**What to work on:**
Find the line with "ショールーム入口をキャンプ仕様にしてみました![]()" in the data below. Repeat it and every line after it exactly, but not the pictures.

**Collected material:**
#####
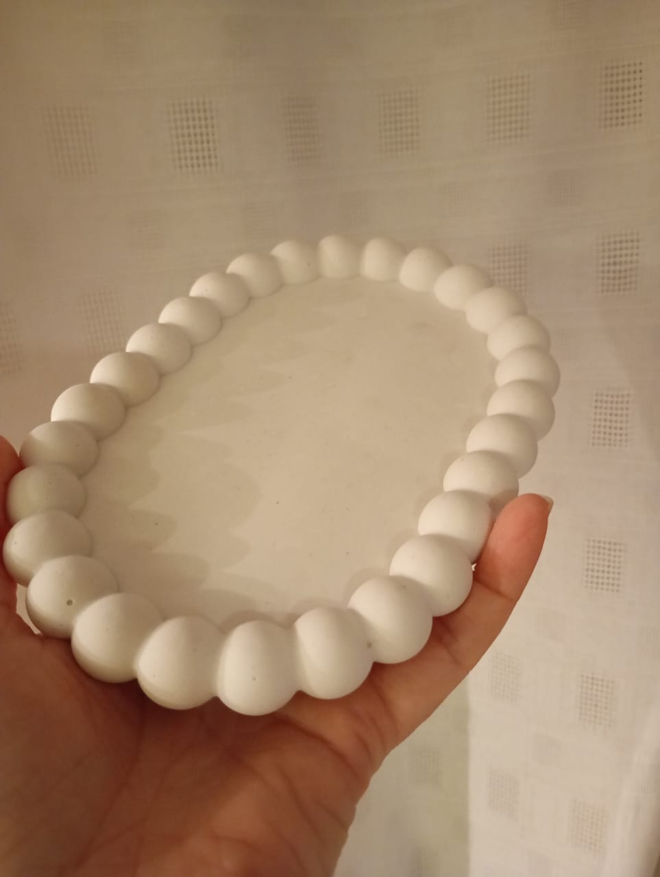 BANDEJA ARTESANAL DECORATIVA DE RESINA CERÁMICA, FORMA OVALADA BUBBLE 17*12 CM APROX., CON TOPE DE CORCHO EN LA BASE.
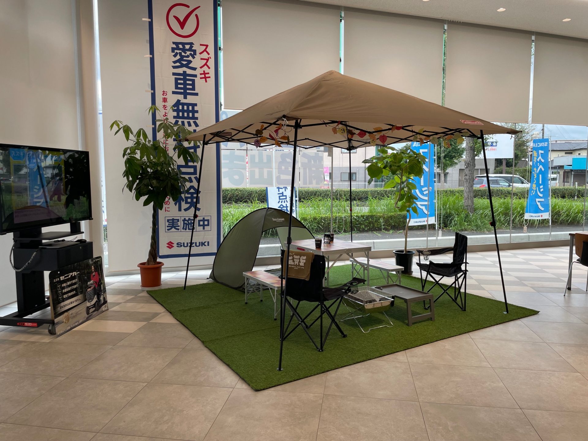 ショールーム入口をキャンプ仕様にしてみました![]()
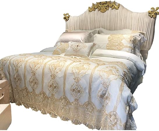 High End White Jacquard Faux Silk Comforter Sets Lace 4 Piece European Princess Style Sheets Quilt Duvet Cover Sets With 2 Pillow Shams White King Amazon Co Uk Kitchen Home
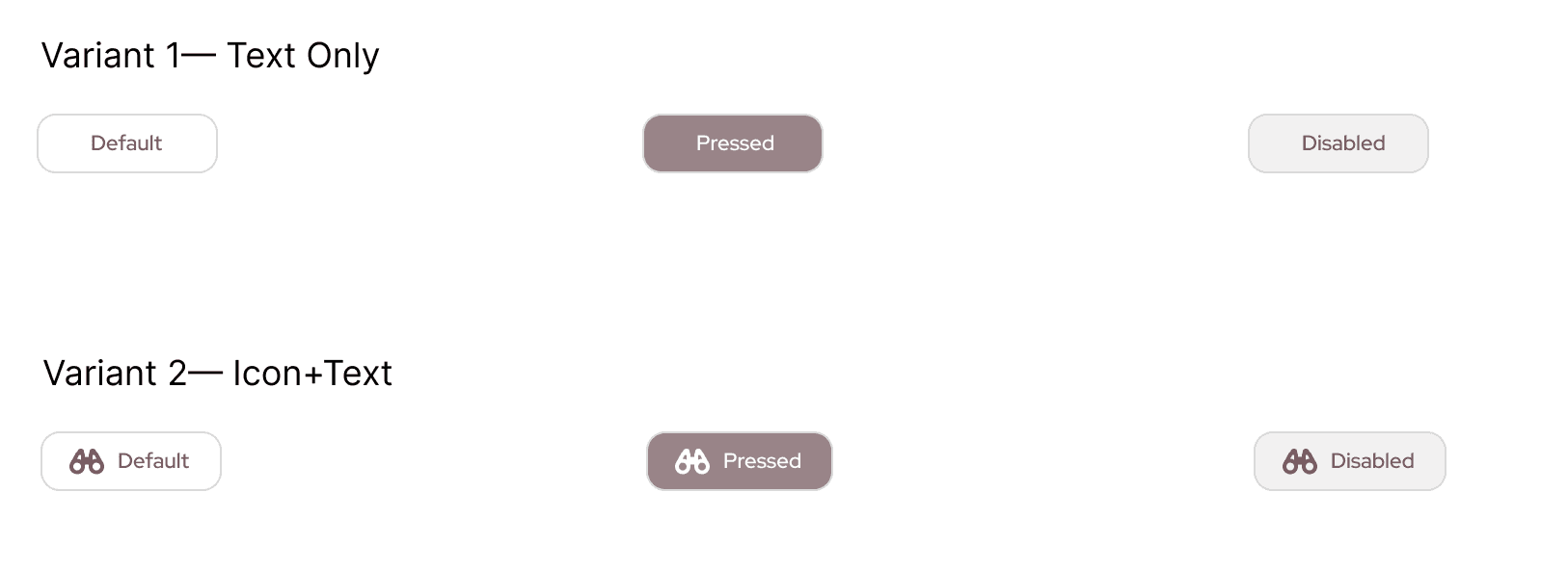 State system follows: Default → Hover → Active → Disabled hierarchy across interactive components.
#####
**Response:**
 ショールーム入口をキャンプ仕様にしてみました![]()
 High End White Jacquard Faux Silk Comforter Sets Lace 4 Piece European Princess Style Sheets Quilt Duvet Cover Sets With 2 Pillow Shams White King Amazon Co Uk Kitchen Home
 State system follows: Default → Hover → Active → Disabled hierarchy across interactive components.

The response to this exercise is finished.